# TASK DETAILS
The answer must repeat every record exactly, with all pictures omitted.

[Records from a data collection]
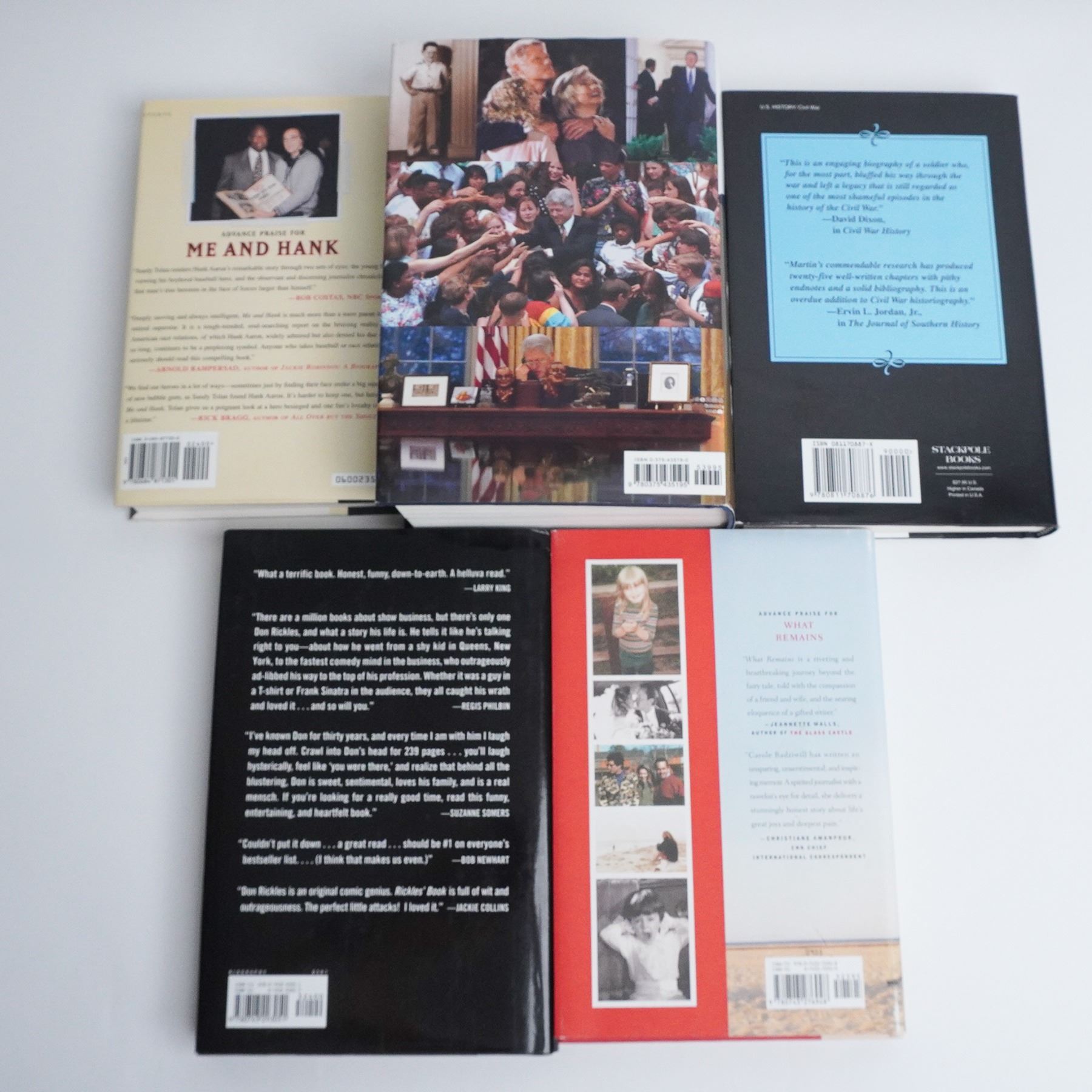 This lot features five compelling hardcover books spanning memoirs, history, and biography. Me and Hank by Sandy Tolan explores the legacy of baseball legend Hank Aaron, delving into race and American culture. What Remains by Carole Radziwill is a poignant memoir detailing love, loss, and resilience, recounting her marriage to Anthony Radziwill and close friendship with John F. Kennedy Jr. Kill-Cavalry by Bruce H. Martin examines the controversial life of Union General Hugh Judson Kilpatrick, known for his daring cavalry raids during the Civil War. Rickles' Book by Don Rickles, co-written with David Ritz, offers a humorous and insightful look at the legendary comedian's life and career. Finally, My Life by Bill Clinton is an expansive autobiography covering his early years, political rise, and two terms as President of the United States. A diverse selection of books, this lot is perfect for collectors, history enthusiasts, and fans of memoirs. Largest book measures 9.5"H.
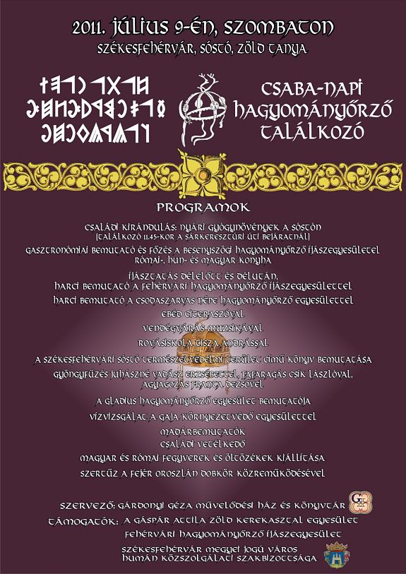 Július 9-én szombaton ismét megrendezik a Csaba-napi hagyományőrző találkozót a Sóstón található Zöld tanyán. A Sóstón gyógynövény túrát tartanak, lesz gasztronómiai bemutató és természetesen nem maradnak el a hagyományos harci bemutatók sem. A gyerekeket agyagozás és fafaragás várja, lesz madárbemutató is a napot pedig szertűz zárja majd.
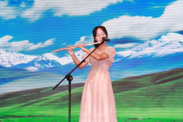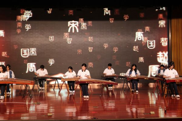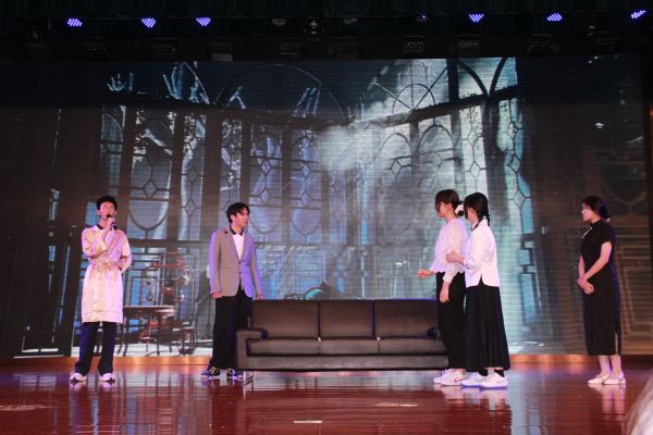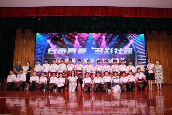 中场期间,课程教学处主任刘军彪和学生发展处主任沈国英为刚刚获得常州市中小学艺术展演特等奖的岗拉梅朵艺术团颁发了奖状,并播放了学校社团精彩剪影以及魔方社、春秋历史社和广播社带来的短视频、配音秀。
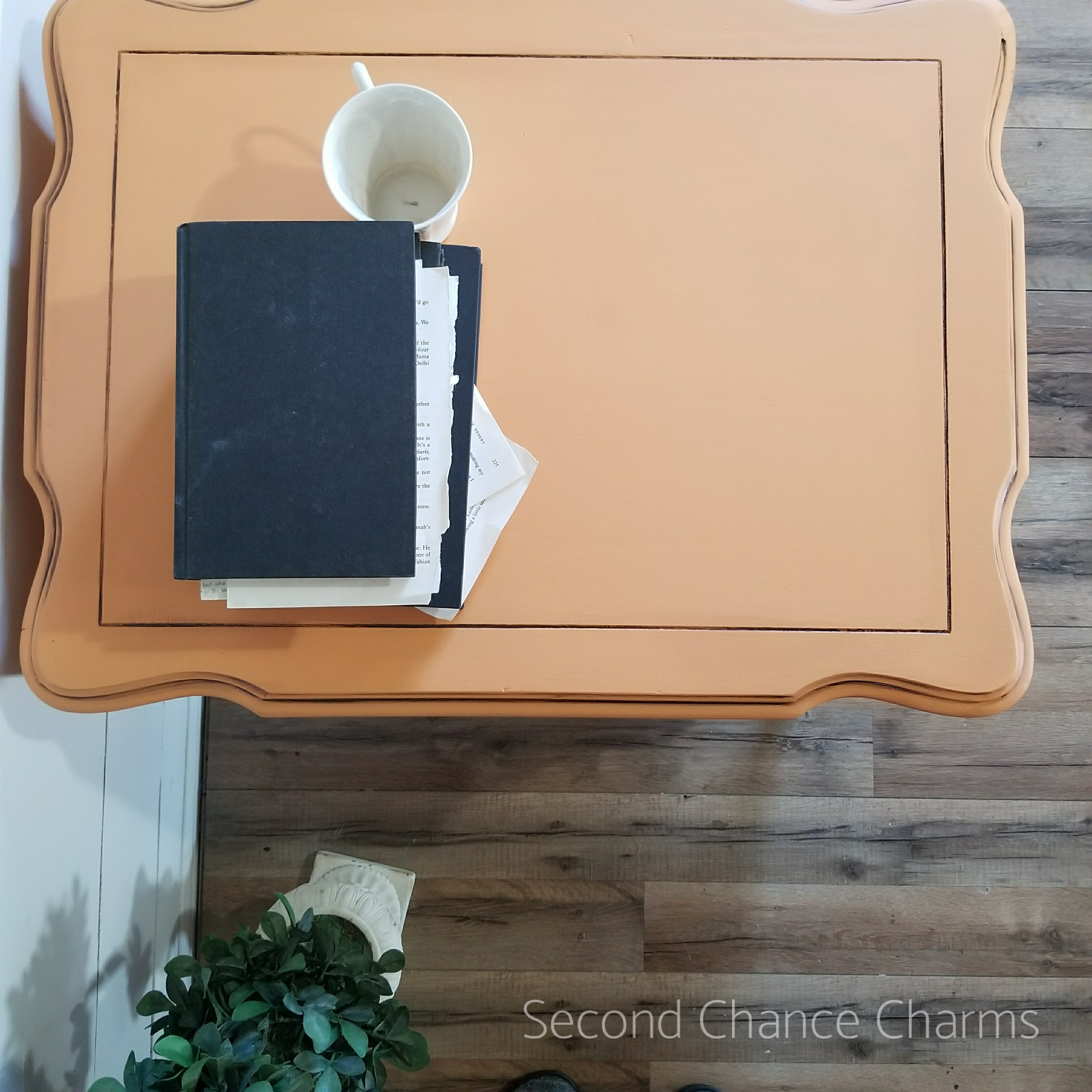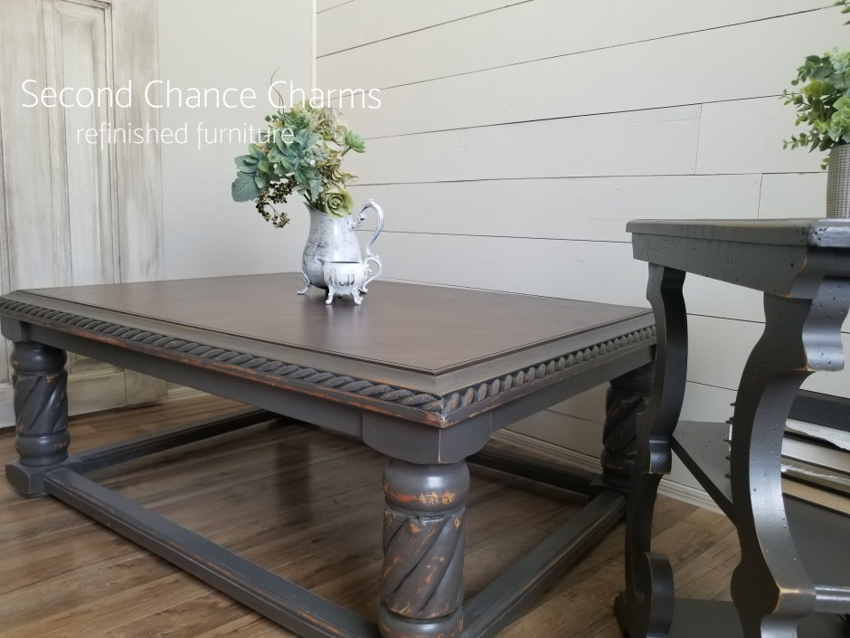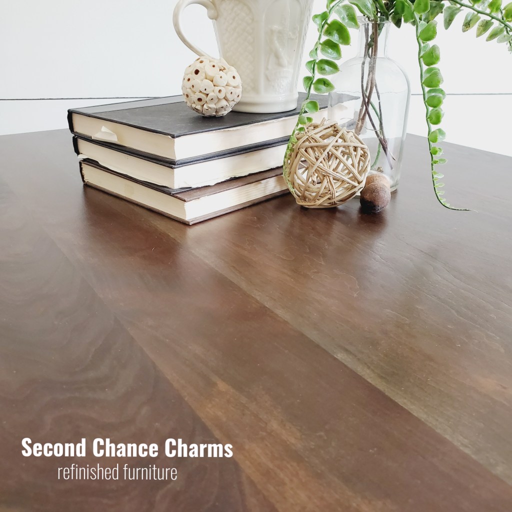 Back in December of 2016 I refinished a coffee table for my lovely client. She recently moved and wanted her end table to match, but had a complication with the movers in regards to the coffee table. As I was fixing the top to the coffee table, I sent her a photo of the progress. Short story, we changed the coffee table a little bit and refinished the side table to match!
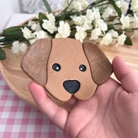 Each one is made by hand and turns out slightly different in size and style, but they measure roughly 4 inches wide for the paw prints and 3.5 inches wide for the puppy head.
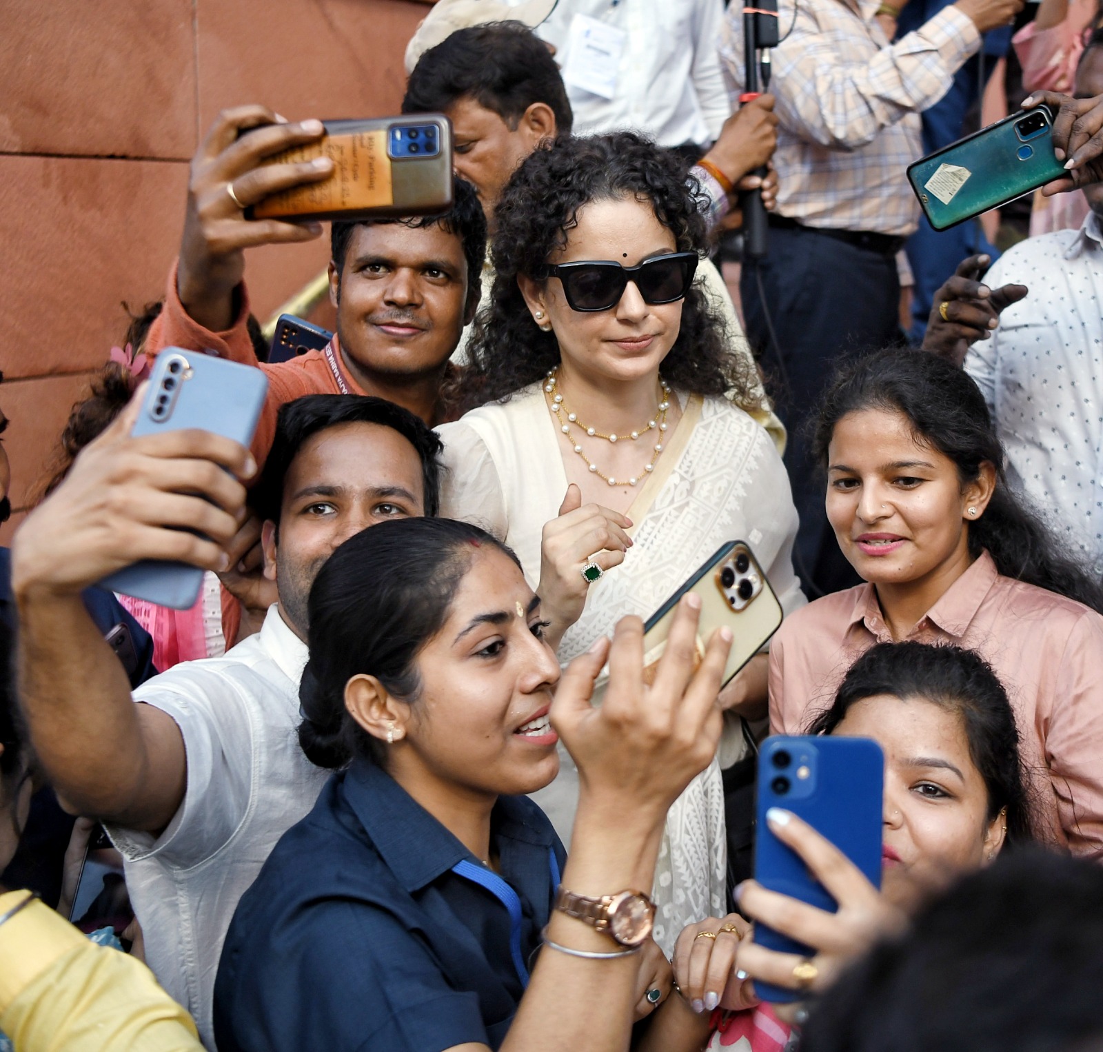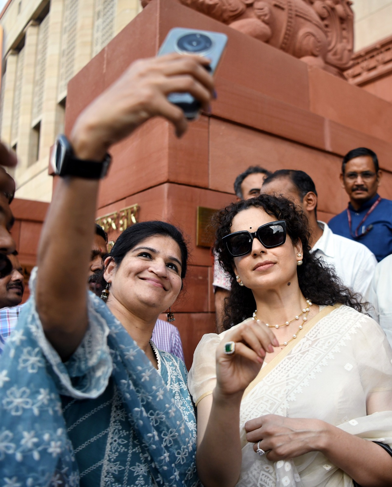 इस दौरान नए संसद भवन में प्रवेश करते हुए कंगना ने सांसदों और वहां मौजूद लोगों के साथ सेल्फी भी ली।

# SOLUTION TO THIS TASK
 This lot features five compelling hardcover books spanning memoirs, history, and biography. Me and Hank by Sandy Tolan explores the legacy of baseball legend Hank Aaron, delving into race and American culture. What Remains by Carole Radziwill is a poignant memoir detailing love, loss, and resilience, recounting her marriage to Anthony Radziwill and close friendship with John F. Kennedy Jr. Kill-Cavalry by Bruce H. Martin examines the controversial life of Union General Hugh Judson Kilpatrick, known for his daring cavalry raids during the Civil War. Rickles' Book by Don Rickles, co-written with David Ritz, offers a humorous and insightful look at the legendary comedian's life and career. Finally, My Life by Bill Clinton is an expansive autobiography covering his early years, political rise, and two terms as President of the United States. A diverse selection of books, this lot is perfect for collectors, history enthusiasts, and fans of memoirs. Largest book measures 9.5"H.
 Július 9-én szombaton ismét megrendezik a Csaba-napi hagyományőrző találkozót a Sóstón található Zöld tanyán. A Sóstón gyógynövény túrát tartanak, lesz gasztronómiai bemutató és természetesen nem maradnak el a hagyományos harci bemutatók sem. A gyerekeket agyagozás és fafaragás várja, lesz madárbemutató is a napot pedig szertűz zárja majd.
 中场期间,课程教学处主任刘军彪和学生发展处主任沈国英为刚刚获得常州市中小学艺术展演特等奖的岗拉梅朵艺术团颁发了奖状,并播放了学校社团精彩剪影以及魔方社、春秋历史社和广播社带来的短视频、配音秀。
 Back in December of 2016 I refinished a coffee table for my lovely client. She recently moved and wanted her end table to match, but had a complication with the movers in regards to the coffee table. As I was fixing the top to the coffee table, I sent her a photo of the progress. Short story, we changed the coffee table a little bit and refinished the side table to match!
 Each one is made by hand and turns out slightly different in size and style, but they measure roughly 4 inches wide for the paw prints and 3.5 inches wide for the puppy head.
 इस दौरान नए संसद भवन में प्रवेश करते हुए कंगना ने सांसदों और वहां मौजूद लोगों के साथ सेल्फी भी ली।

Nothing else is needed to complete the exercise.